IDA
WIDER CONTEXTS (IDA)
production contexts:
- First film by the director made in Polish
- Funded by Polish institute
- Uses personnel from Polish Film Industry (employment)
- Filmed on location in Poland
Social cultural historical political:
HISTORICAL + POLITICAL - German occupation, Holocaust, Stalinism
Set Poland 1962
- After Second World War - communist rule
- Many Polish Jews died - Holocaust victims
- After 1945 Poland a mostly homogenous nation
- After Stalin's death in 1953 - some relaxation of political pressure from Soviet Union
Early 1960's economic problems
SOCIAL CULTURAL
- Domination of Communist rule - closed society and political system impacts on social and cultural life
- Early mass scene in 1960's Poland
- Anna - a novice (Poland is predominantly Catholic by faith)
- Her aunt Wanda - a woman who is in a high position in the legal profession - a state prosecutor under Stalinism
- This is unusual or unconventional for the context of the times, a male dominated society
- Echoes of Louis Malle's Au Revoir L'Enfant, a film about a young jewish boy in France who is hidden in a Catholic boy's school during the Second World War.
KEY ELEMENTS OF FILM FORM IN IDA
- Monochrome - effective for historical setting, mood, themes and wider contexts
- Compactness - 80 minute duration means on the boundaries of short film and future film - links to layers of history at the heart of the narrative
- Cinematography - established place, themes of alone-ness / loneliness, secrecy, guilt, violence, identity and origins
key narrative developments so far:
- Ida has been sent to her aunt, discovers she is jewish
- Ida and her aunt go on a road trip out of town (Ida's parents house who is now owned by someone else) to find where her parents died and where they are buried
- Aunt gets arrested for drink driving (cynical and lonely woman)
CLOSE SEQUENCE ANALYSIS
Examine how miss en scene, colour and lighting contribute to the films themes and ideas.
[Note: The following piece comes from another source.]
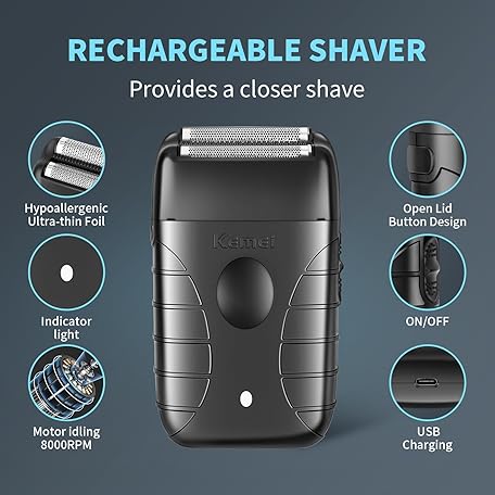 Thông tin sản phẩm KEMEI Professional Electric Foil Shaver for Men, Beard Trimmer & Men's Grooming Tool, Foil Shaving and Bald Head Precision Trimmer. Cordless and Rechargeable with USB. Gifts for Men

Refer closely to selected sequences
Belonging - through the lens of Post War Poland, mass division
Contrasting ideas of femininity - Ida (Nun, represses her expression) Aunt (Promiscuous, job of power, in touch with her feelings/sexuality) They both judge each other
Untraditional holocaust film
Isolation
AUNT WANDA'S EXIT
- Lack of other characters in sequence; isolation, dies alone and doesn't consider ida as family
- Contrapuntal music ironic classic, empty depressed woman - waits for crescendo to jump
- Lingering mid shot after she jumps, cigarette still burning - her presence still there (later, her clothes and Ida)
- Wanda starts the film and ends depressed - subverts expectations
- Ida not rescue her (also Ida goes against expectations at the end)
Good clear and relevant annotations.